J'accorderai la deuxième place de ce palmarès aux scènes gratuites mais néanmoins remarquables mettant en piste bourreaux et condamnés en place publique, avec une mention spéciale du jury pour l'exécution de deux pauvres bougres coupés en deux à l'aide d'une scie, dans le sens de la hauteur, mais en commençant par l'entrejambe, donc attachés à l'envers. Oui je sais, cela fait mal, ne serait-ce que de l'imaginer.

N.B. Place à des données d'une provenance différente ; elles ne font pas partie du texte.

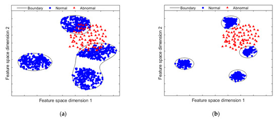 However, for real-world problems, regardless of their approach, there are other problem to be addressed: the distribution and behavior of the characterized patterns. It should be noted that, in industrial operation environments, the behavior of the patterns tends to have a sparse representation, that is, the distribution of the known class can be represented by more than one cluster within the features space. Taking into account that for the OCC-based approach to have a better result, the normal class distribution must be as compact as possible. The assumption that a compact feature space improves the performance of OCC classifiers is shown in Figure 1. In Figure 1a shows a feature space without a compact representation. In this case, the samples of the normal and abnormal class can overlap. As a consequence, the classification performance decreases in the presence of a large number of false negatives. Meanwhile, a more compact feature space is shown in Figure 1b. The clusters of the different distributions of the normal class are grouped together. Further-more, there is a wide margin of separation between normal samples and anomalous samples and therefore outside the classification boundary. This effect on performance improvement is also addressed in [36].

Enfin, la palme d'or revient incontestablement à la scène du bébé abandonné en haut d'une colline par Cesare, persuadé de se laver ainsi de ses innombrables péchés et de favoriser l'élection papale de son père dont il croit encore qu'il est son oncle. Scène insoutenable que cet enfant hurlant à pleins poumons laissé au bord du vide, et dont le poids sur la conscience vous plombe une semaine entière. On ne connaitra son véritable sort que lors d'un épisode ultérieur, où l'on apprendra que le bébé a été sauvé, subtilisé et définitivement éloigné des pensées et actions maléfiques de son géniteur. Afin de réparer cette ignominie et de calmer les esprits de spectateurs indignés mais néanmoins fidèles à leur rendez-vous du lundi en prime time, une autre scène permettra plus tard de voir ressusciter un nouveau-né, miracle accompli par une nonne illuminée qui excelle dans ce genre d'opérations magiques.

Voilà. Les Borgia, donc, après cette période bénie de la Toussaint, on peut difficilement faire mieux, bien que l'on puisse difficilement faire pire.